Hair is usually given a base colour at first and then a dry-brushing of a lighter colour to pick out highlights. Dry-brushing, as the name suggests, is achieved by loading the brush with paint and then wiping off most of the paint on a paper towel. The brush is then wiped lightly over the area so only the raised areas receive the colour. In the picture below, the figure's hair and moustache has been dry-brushed in light grey over a dark grey base coat.
I then picked out the creases in clothing with a darker shade of the base colour. A watery mix was painted into the creases and any excess wiped off with a paper towel. On some figures, a lighter tint of the base colour was dry-brushed on to accentuate the raised features of clothing.
Most of the of the bare-headed figures were given hats. As my railway is set in the late twenties/early thirties, people seldom went outdoors without a hat or cap. 'Green Stuff' two-part modelling compound was used to model the hats. This can be sculpted into quite fine details and left to harden. It then takes acrylic paints without problem.
Where appropriate, the gaps between fingers were also given shadows using a darker shade of flesh colour.

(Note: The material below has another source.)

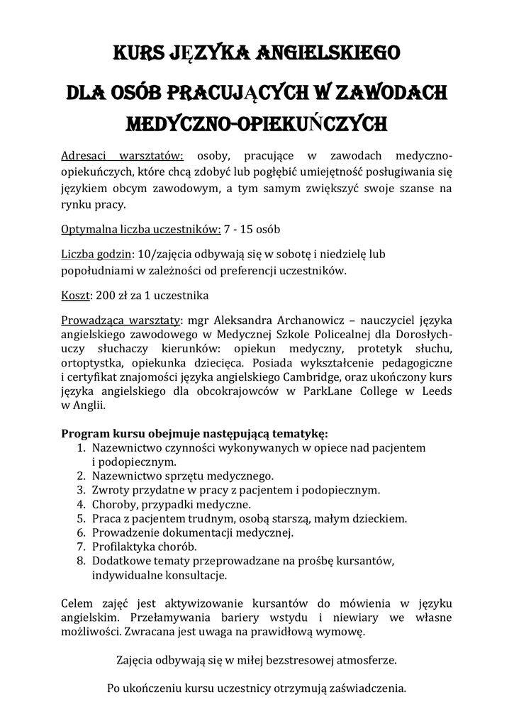KURS jĘzyka angielskiego dla osób pracujĄcych w zawodach medyczno-opiekuŃczych Adresaci warsztatów: osoby, pracujące w zawodach medycznoopiekuńczych, które chcą zdobyć lub pogłębić umiejętność posługiwania się językiem obcym zawodowym, a tym samym zwiększyć swoje szanse na rynku pracy. Optymalna liczba uczestników: 7 - 15 osób Liczba godzin: 10/zajęcia odbywają się w sobotę i niedzielę lub popołudniami w zależności od preferencji uczestników. Koszt: 200 zł za 1 uczestnika Prowadząca warsztaty: mgr Aleksandra Archanowicz – nauczyciel języka angielskiego zawodowego w Medycznej Szkole Policealnej dla Dorosłychuczy słuchaczy kierunków: opiekun medyczny, protetyk słuchu, ortoptystka, opiekunka dziecięca. Posiada wykształcenie pedagogiczne i certyfikat znajomości języka angielskiego Cambridge, oraz ukończony kurs języka angielskiego dla obcokrajowców w ParkLane College w Leeds w Anglii. Program kursu obejmuje następującą tematykę: 1. Nazewnictwo czynności wykonywanych w opiece nad pacjentem i podopiecznym. 2. Nazewnictwo sprzętu medycznego. 3. Zwroty przydatne w pracy z pacjentem i podopiecznym. 4. Choroby, przypadki medyczne. 5. Praca z pacjentem trudnym, osobą starszą, małym dzieckiem. 6. Prowadzenie dokumentacji medycznej. 7. Profilaktyka chorób. 8. Dodatkowe tematy przeprowadzane na prośbę kursantów, indywidualne konsultacje. Celem zajęć jest aktywizowanie kursantów do mówienia w języku angielskim. Przełamywania bariery wstydu i niewiary we własne możliwości. Zwracana jest uwaga na prawidłową wymowę. Zajęcia odbywają się w miłej bezstresowej atmosferze. Po ukonczeniu kursu uczestnicy otrzymują zaswiadczenia.
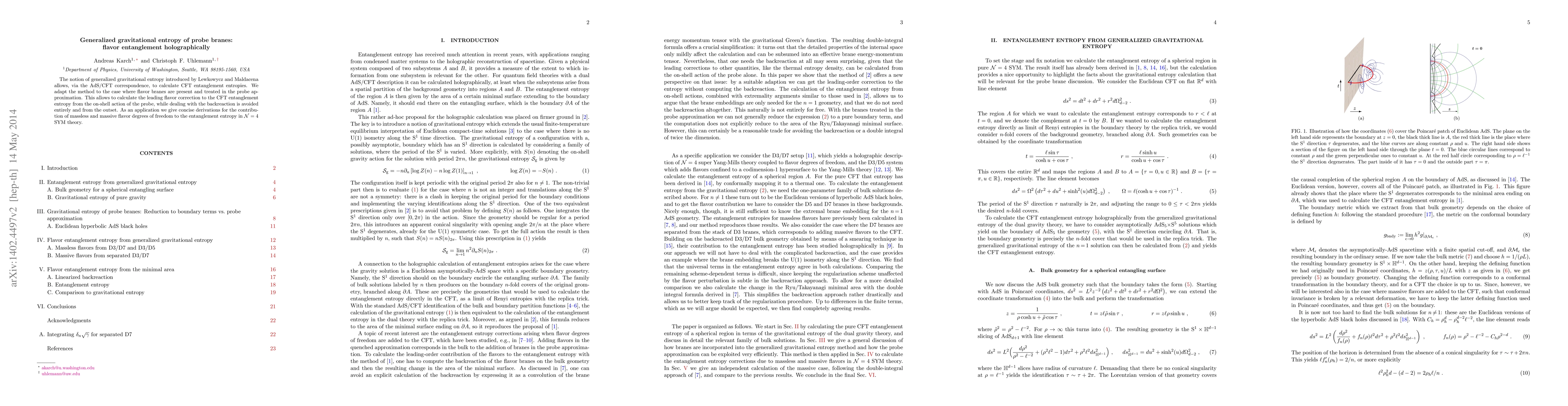This paper adapts the generalized gravitational entropy method to probe branes in the presence of flavor fields, calculating the leading flavor correction to CFT entanglement entropy without considering backreaction. It provides concise derivations for the entanglement entropy contributions from massless and massive flavor degrees of freedom in N=4 SYM theory.

And then fine details (eg ties, buttons, patterns on clothing) were picked out with a 000 brush.
Once the figures were dry, they were given a couple of coats of matt varnish to take the sheen off the acrylics of their clothing. I've found from experience that it's advisable to pay a little extra for a decent matt varnish as the cheaper so-called 'matt' varnishes are seldom matt enough.
Fixing the figures in place
On the wooden platform at Beeston Market Station, a 1.6mm hole was drilled in the platform and the spike on the figure inserted.All my other platforms have been cast in concrete and so a different approach was needed. The flared heads were removed from a few 5mm plastic Rawlplugs.
A hole was drilled in the platform with a hammer drill. The Rawlplug was inserted and the spike from the figure tapped into place with a small hammer.
The figure was then pushed on to the spike. Sometimes the peg needed to be bent slightly to ensure the figure was not leaning at an unrealistic angle.
The figures were grouped on the platform as if in conversation or patiently waiting.
I am in need of more railway staff. These are few and far between at the moment, but some are presently going through the paint-shop and so will join the line by the start of the next season.
Excellent method for which I will adopt. I had a problem with magpies taking my figures until I secured a piece of garden wire around a leg and then attached the other end to an old/spare two inch decking screw which was subsequently pushed into the ground on soft surfaces. I haven't lost any since, but it is a little unsightly and impossible on hard surfaces. Your method for securing is the way I'll do it from now on. Thanks for the tip.
ReplyDeleteThanks. I've not had them out for a whole summer season so can't vouch for the resistance of this approach to magpie attacks but as long as the brass peg is a tight fit I'd imagine they would be 'safe'. I'll let you know if I find differently, I often have magpies in the garden.